Cet évangile serait-il un « parent pauvre ou abréviateur » de deux autres synoptiques, peu original,
simpliste ? Telle était à son sujet l’interrogation de l’Eglise jusqu’au 19ème siècle, moment, où, avec
l’hypothèse de la priorité de Marc, on a abordé autrement cet écrit.
L’une des raisons de lire Marc, toujours, selon J. Valette, serait donc le fait que cet écrit apporte « un
témoignage essentiel et profondément original au Christ et à son Evangile. (...) se priver de lire Marc,
c’est peut-être se priver de se trouver, sinon le plus près possible, en tout cas le moins loin de
l’atmosphère des temps évangéliques. »
Auteur
L’évangile selon Marc est une œuvre qui se veut anonyme. La personnalité de l’auteur s’efface devant
l’autorité du message à communiquer, devant la Bonne Nouvelle. Son récit n’affiche pas de « je », (à la
différence de Luc, en introduction), ni n’explique aucune intention théologique (à la différence de la
conclusion johannique p.ex.). Celle-ci est à déduire de la perspective de l’œuvre elle-même.

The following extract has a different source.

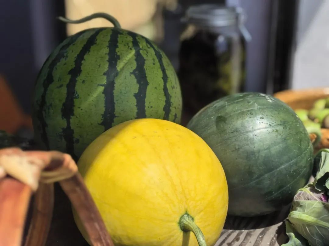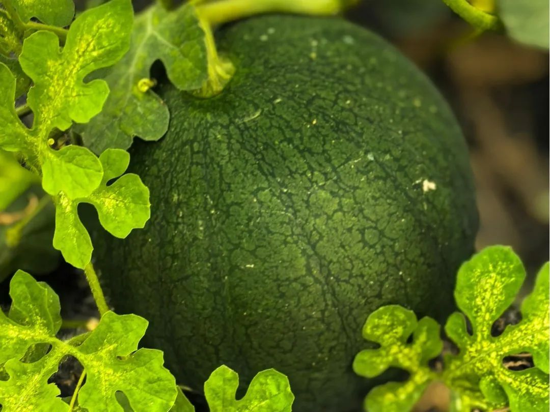 黑津西瓜果实呈球形,单瓜3~4斤,表皮墨绿发黑,覆盖着隐花条纹,果型小巧玲珑,适合家庭一次享用,皮薄如纸、汁水丰富,被称为“瓜中贵族”。
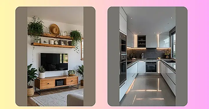Picture this: you’re chilling in your living room, ready to binge-watch your favorite show. Suddenly, your eyes are drawn to the shelves, not the TV! This room’s got serious style with those rustic shelves stacked above the tv. They’ve got plants cascading down like a jungle waterfall. It’s like the perfect mashup of nature and Netflix, except instead of bears jumping out, it’s just really cool decor.

Bien des recherches et réflexions se sont faites au sujet de l’auteur qui ne se laisse pas connaître
autrement que par son écrit et ce qui est possible de déduire de sa langue, son style, son rapport à
l’espace et au temps, son travail littéraire et sa perspective théologique.
L’évangile de Marc est un écrit de langue grecque teintée de sémitismes, proche de traditions orales
araméennes, au réservoir lexical pauvre, à la syntaxe élémentaire, un large usage des temps simples
(présent historique) et dont les maladresses d’écriture restent apparentes. Ces traits le font « classer »
dans la littérature hellénistique populaire. Cependant, il n’est pas exempt, dans sa construction, de tout
un tissage travaillé dans lequel le style sert et est porteur du contenu.
Lieu
La tradition a localisé l’évangile à Rome ; rien dans le texte ne l’infirme ni confirme.
Des chercheurs ont avancé d’autres hypothèses les situant dans un centre urbain et ecclésial important :
l’Egypte avec Alexandrie, la Syrie avec Antioche, ou carrément la Galilée où Jésus commence à
proclamer son message et qu’il parcourt dans tous les sens.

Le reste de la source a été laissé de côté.